ACTIVITY => The pictures stay out; all of the data is to be printed exactly.

MATERIAL PROVIDED =>
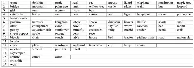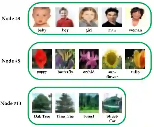 对于 CIFAR-100 数据集,作者将 100 类数据分为 10 组,每组包含 10 类样本。在网络方面,作者将根节点网络的卷积层改为 3,并改变了全连接层的输出数目。
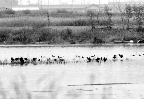 ![]() 市川市妙典の蓮田・通称オオバン池とオオバンの群 奥に江戸川放水路の堤防が見える 1974年8月15日 撮影:田中正彦 |
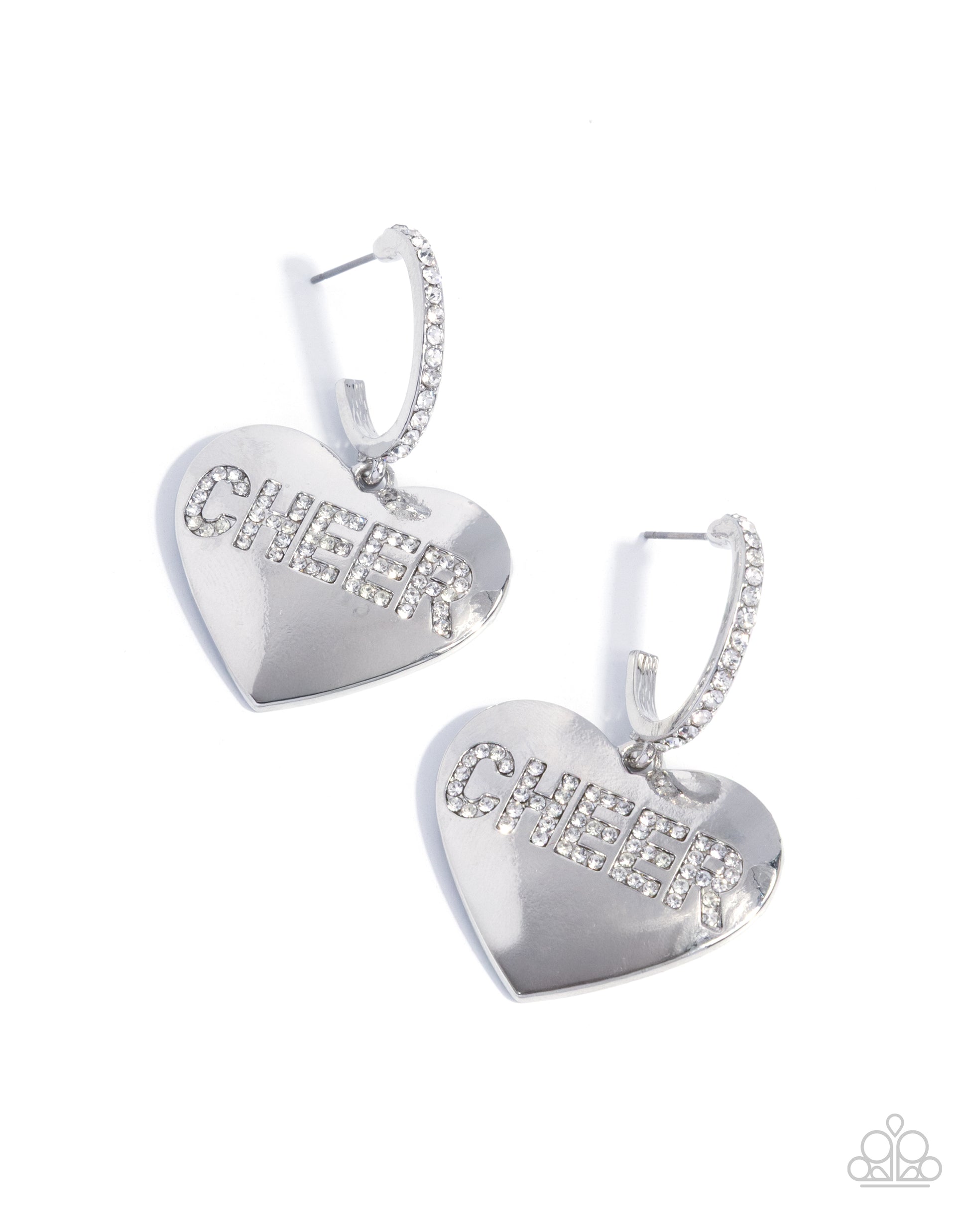 Shimmery Spotter White CHEER Hoop Earring - Paparazzi Accessories
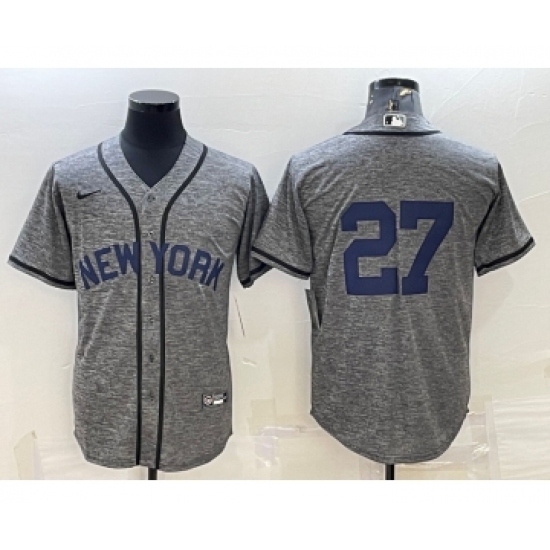 >Men's New York Yankees #27 Giancarlo Stanton No Name Grey Gridiron Cool Base Stitched Jersey

SOLUTION FOR THIS PROBLEM =>
 对于 CIFAR-100 数据集,作者将 100 类数据分为 10 组,每组包含 10 类样本。在网络方面,作者将根节点网络的卷积层改为 3,并改变了全连接层的输出数目。
 ![]() 市川市妙典の蓮田・通称オオバン池とオオバンの群 奥に江戸川放水路の堤防が見える 1974年8月15日 撮影:田中正彦 |
 Shimmery Spotter White CHEER Hoop Earring - Paparazzi Accessories
 >Men's New York Yankees #27 Giancarlo Stanton No Name Grey Gridiron Cool Base Stitched Jersey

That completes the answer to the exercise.